If anyone has abandoned rhetorical constraint and doubt, it is not the skeptics.
The paper’s treatment of scientific disagreement further illustrates its ideological enclosure. When skeptics invoke uncertainty, alternative explanations, or methodological critiques, these are framed not as arguments but as imported talking points, often attributed to malign influence:
“The article traces this evolution back to… the US climate change countermovement which diffused obstructionist views within the European far right already during the 1990s.”
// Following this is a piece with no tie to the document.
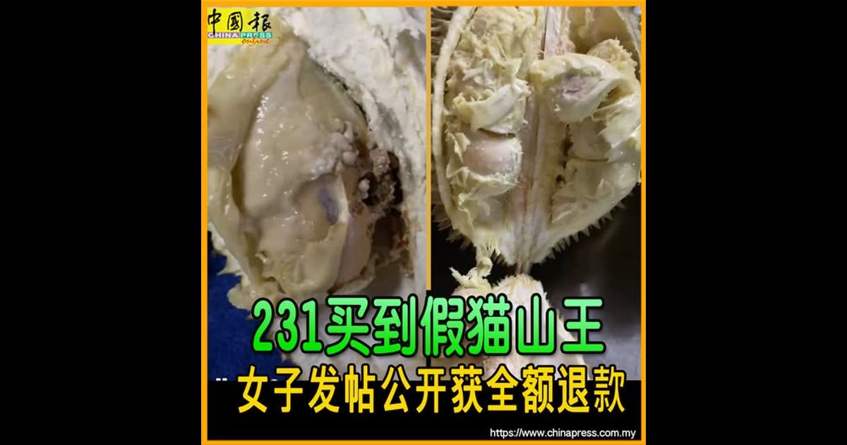 (吉隆坡12日讯)女子花费231令吉购买5粒猫山王榴梿,岂料开榴梿后却发现果肉呈淡黄色,部分果肉甚至是有着疑似发霉状况,当下意识到自己疑似受骗。

This explanation absolves European skeptics of agency while simultaneously denying them intellectual autonomy. They did not reason their way to skepticism; they were infected by it. Ideas do not spread because they explain anomalies or resolve contradictions. They spread because of networks, ideology, and affect.
That is the worldview on display.
Even when the paper acknowledges internal dissent—articles within the same publications defending mainstream climate science or warning against conspiratorial thinking—these are treated as deviations from the narrative rather than evidence that skepticism is internally contested and intellectually heterogeneous.
One such intervention is quoted by the author himself, warning that denying greenhouse-gas risks would be “fatal” from a scientific point of view. Yet this moment is not used to interrogate why skepticism persists despite such warnings. Instead, it is presented as a lost battle against an inevitable slide into obstruction.
The possibility that skepticism might be responding to real weaknesses in climate science or climate policy is never entertained.
Most striking is the paper’s repeated insistence that skepticism is fundamentally melodramatic:
“Through melodrama, powerful affective responses are circulated to ‘stick to’ and ‘stick together’, to increase polarization of ‘good vs. evil’.”
This would be a devastating critique—if it were not a perfect description of mainstream climate communication itself. Apocalypse framing. Moral binaries. Urgency narratives. Children as symbols. Dissenters as villains. These are not inventions of skeptics. They are staples of climate advocacy.
Yet the paper treats melodrama as a one-way phenomenon, flowing outward from skeptics while leaving the dominant narrative untouched.
In the end, the paper accomplishes exactly what climate communication research has been doing for years: it studies opposition without granting it intellectual dignity. It catalogs language without engaging substance. It interprets disagreement as pathology. It substitutes affect theory for epistemology.
The most honest sentence in the entire paper is likely unintentional. When Forchtner writes that skepticism turns climate change into “another site for the making of far-right subjectivity,” he reveals the underlying assumption: climate change already belongs to one side. To resist that ownership is not to argue, but to trespass.
Until climate researchers are willing to step outside that assumption—until they can imagine that skepticism might arise from disciplined uncertainty rather than emotional deficiency—they will continue producing elaborate studies that explain everything except the thing that matters.
They may quote skeptics endlessly.
They may code them meticulously.
They may analyze their “affective economies” until the funding runs out.
They will still have no idea why climate skepticism exists.